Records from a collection
##########

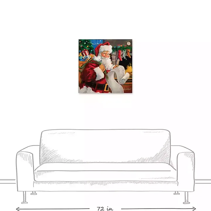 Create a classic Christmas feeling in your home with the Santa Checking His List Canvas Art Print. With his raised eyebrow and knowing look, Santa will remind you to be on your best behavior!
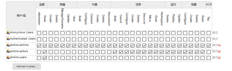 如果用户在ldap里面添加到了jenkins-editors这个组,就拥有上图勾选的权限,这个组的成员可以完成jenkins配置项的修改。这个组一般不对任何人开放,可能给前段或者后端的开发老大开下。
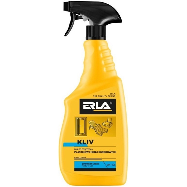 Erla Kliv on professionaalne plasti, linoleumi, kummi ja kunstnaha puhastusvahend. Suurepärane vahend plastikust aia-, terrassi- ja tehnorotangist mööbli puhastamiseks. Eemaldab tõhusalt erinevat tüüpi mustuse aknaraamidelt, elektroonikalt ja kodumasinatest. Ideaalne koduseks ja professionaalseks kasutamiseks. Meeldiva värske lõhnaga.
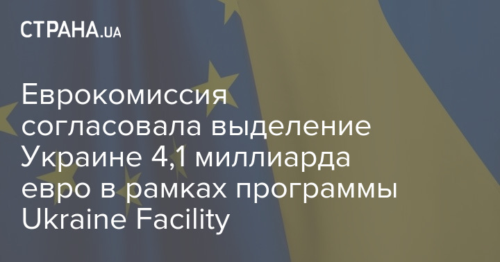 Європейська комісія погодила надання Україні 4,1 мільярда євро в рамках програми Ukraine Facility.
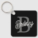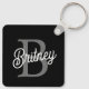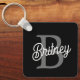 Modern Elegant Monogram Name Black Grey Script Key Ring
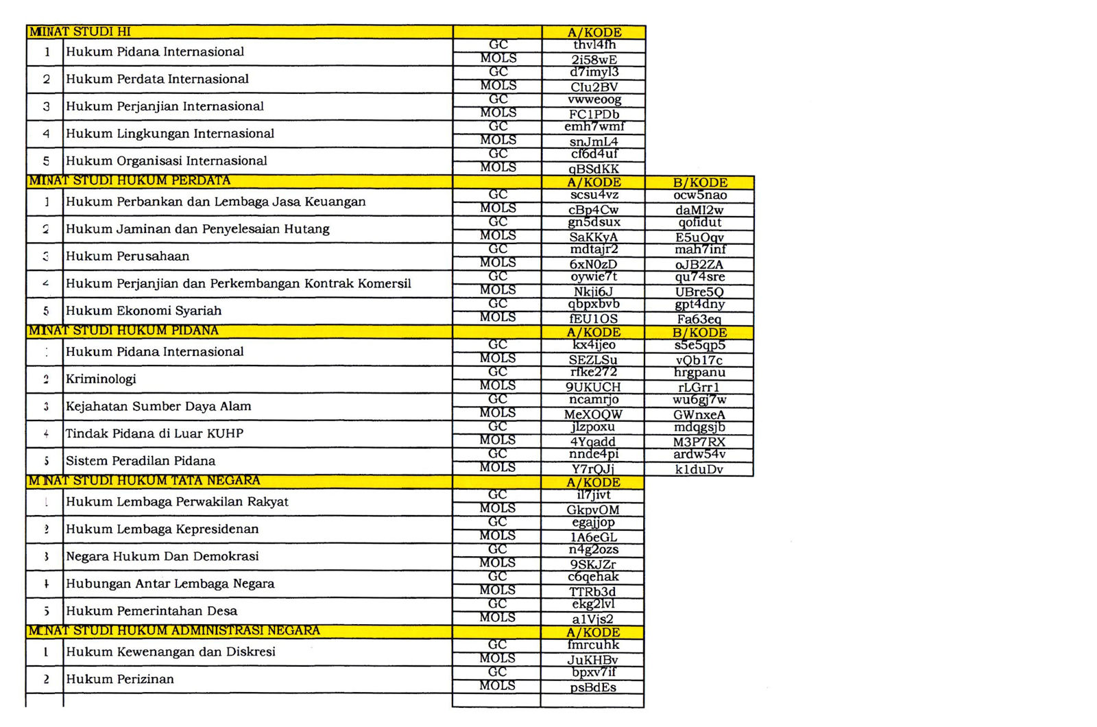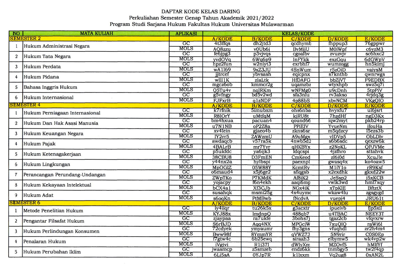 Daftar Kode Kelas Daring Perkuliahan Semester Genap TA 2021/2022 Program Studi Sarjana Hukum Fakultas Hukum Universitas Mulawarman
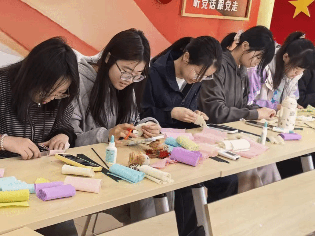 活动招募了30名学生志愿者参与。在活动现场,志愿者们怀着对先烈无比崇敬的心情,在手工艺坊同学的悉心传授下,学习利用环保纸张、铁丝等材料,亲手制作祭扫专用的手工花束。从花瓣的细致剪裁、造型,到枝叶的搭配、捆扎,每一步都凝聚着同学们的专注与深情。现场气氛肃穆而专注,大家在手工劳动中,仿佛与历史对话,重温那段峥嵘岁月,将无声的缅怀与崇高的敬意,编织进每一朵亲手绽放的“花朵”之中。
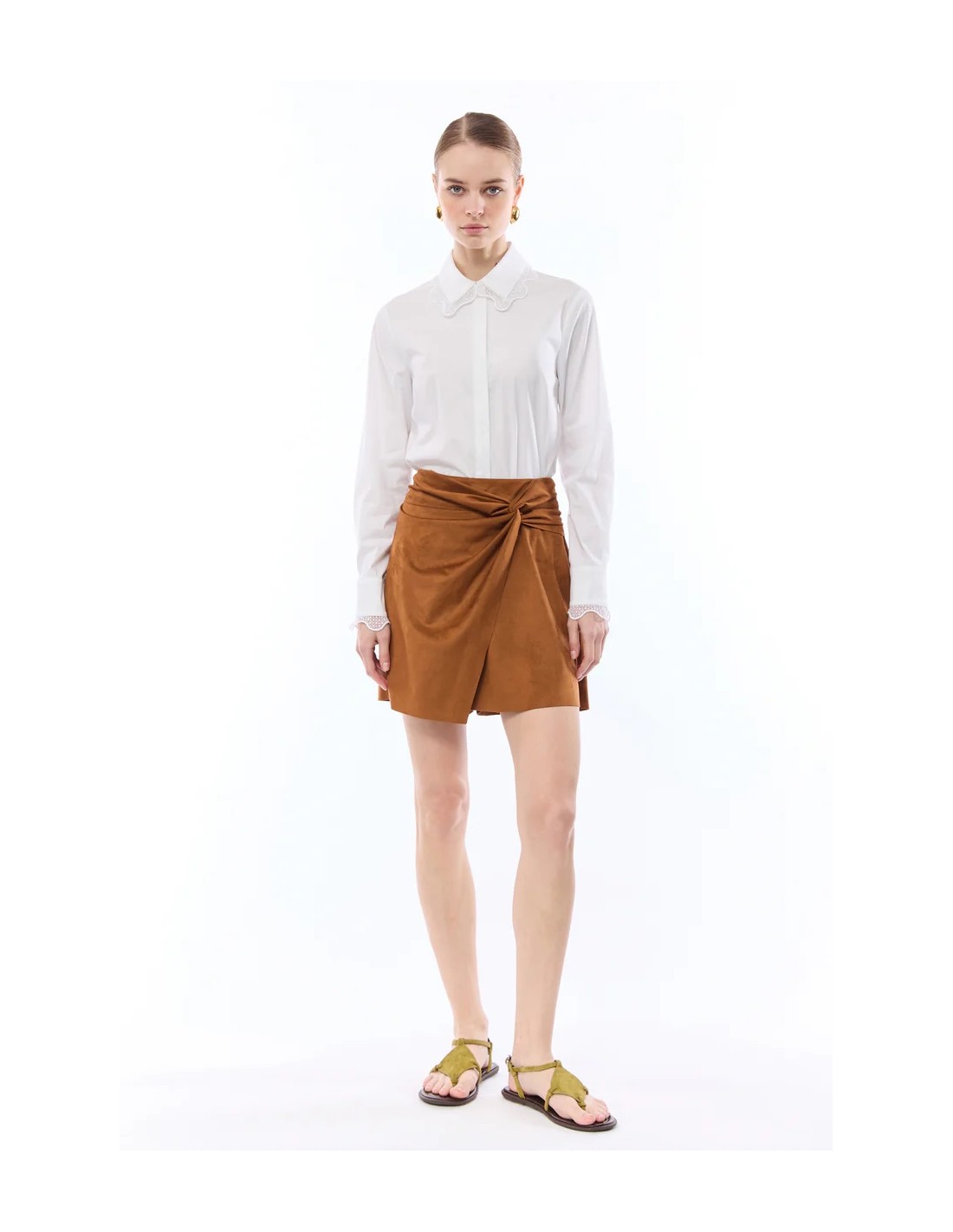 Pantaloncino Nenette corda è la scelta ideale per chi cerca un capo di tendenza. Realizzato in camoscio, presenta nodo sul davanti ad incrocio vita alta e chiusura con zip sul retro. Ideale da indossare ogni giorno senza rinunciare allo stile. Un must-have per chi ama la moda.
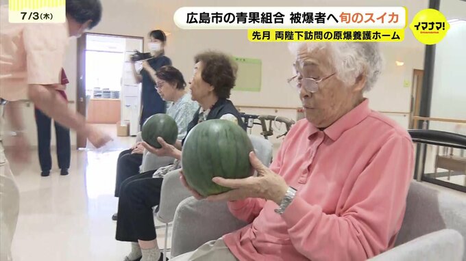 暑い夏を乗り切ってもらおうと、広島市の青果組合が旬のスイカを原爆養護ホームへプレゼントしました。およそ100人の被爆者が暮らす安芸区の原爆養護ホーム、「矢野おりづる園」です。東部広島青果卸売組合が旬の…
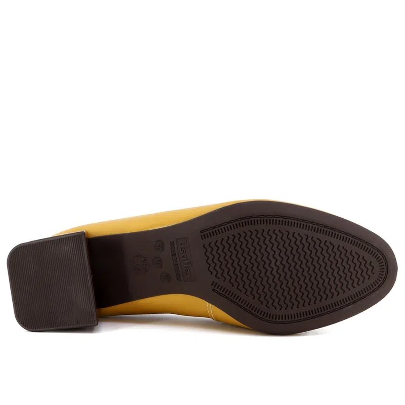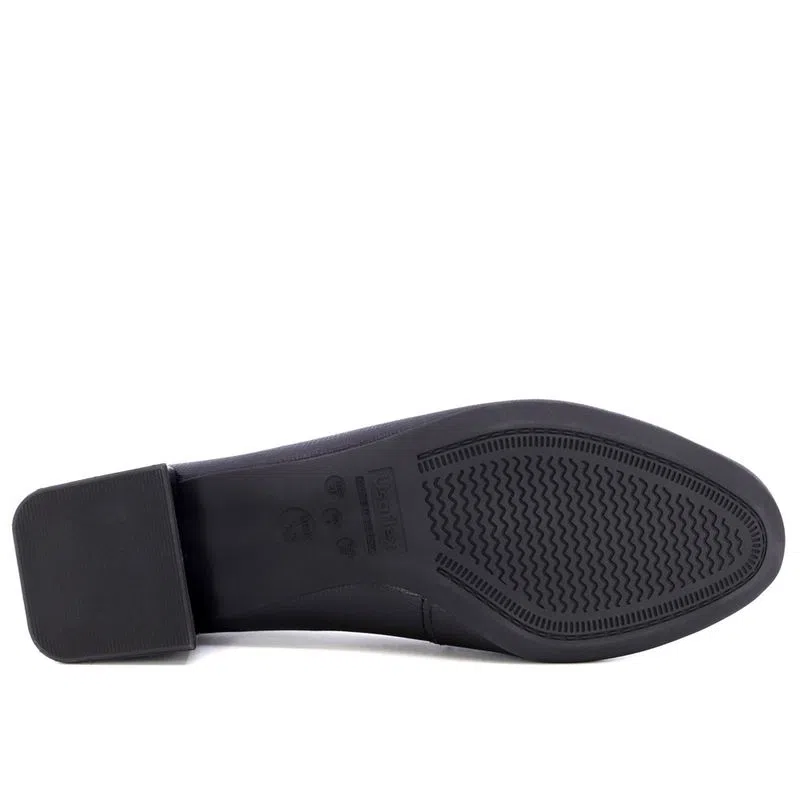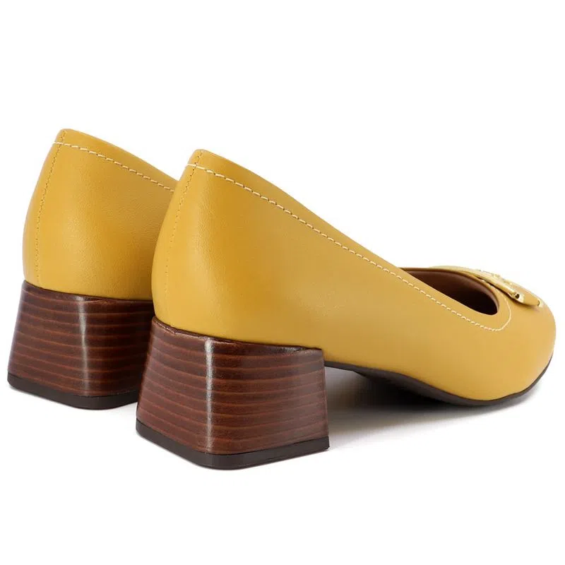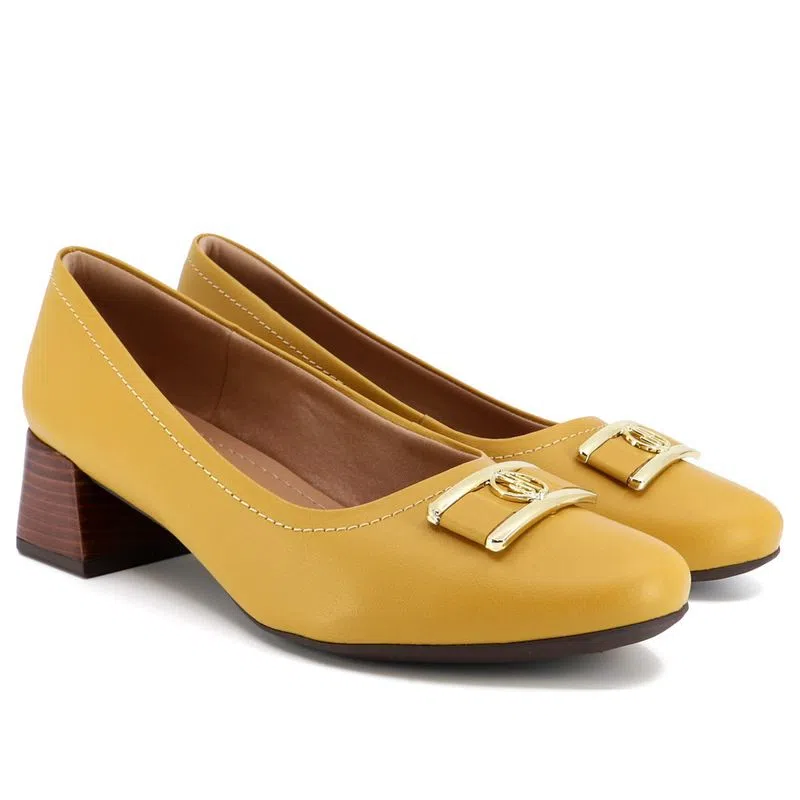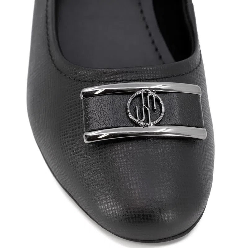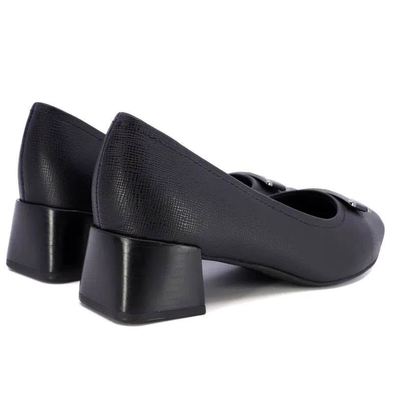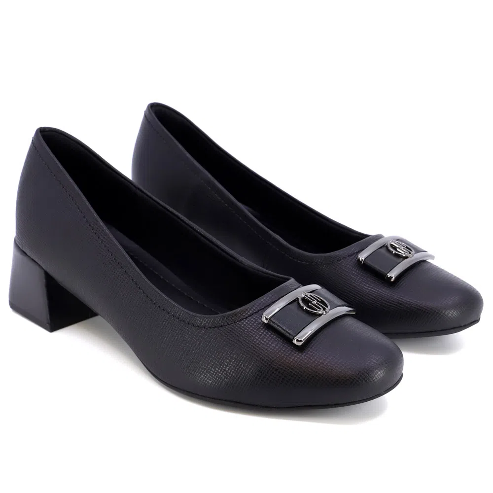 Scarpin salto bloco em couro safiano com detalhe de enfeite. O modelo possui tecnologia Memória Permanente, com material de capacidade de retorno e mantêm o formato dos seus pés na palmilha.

##########

### Aim of the task
Write out exactly the run of lines above that starts at the line containing "Modern Elegant Monogram" and ends at the line containing "活动招募了30名学生志愿者参". Include both, and leave the pictures out.

### Task result
 Modern Elegant Monogram Name Black Grey Script Key Ring
 Daftar Kode Kelas Daring Perkuliahan Semester Genap TA 2021/2022 Program Studi Sarjana Hukum Fakultas Hukum Universitas Mulawarman
 活动招募了30名学生志愿者参与。在活动现场,志愿者们怀着对先烈无比崇敬的心情,在手工艺坊同学的悉心传授下,学习利用环保纸张、铁丝等材料,亲手制作祭扫专用的手工花束。从花瓣的细致剪裁、造型,到枝叶的搭配、捆扎,每一步都凝聚着同学们的专注与深情。现场气氛肃穆而专注,大家在手工劳动中,仿佛与历史对话,重温那段峥嵘岁月,将无声的缅怀与崇高的敬意,编织进每一朵亲手绽放的“花朵”之中。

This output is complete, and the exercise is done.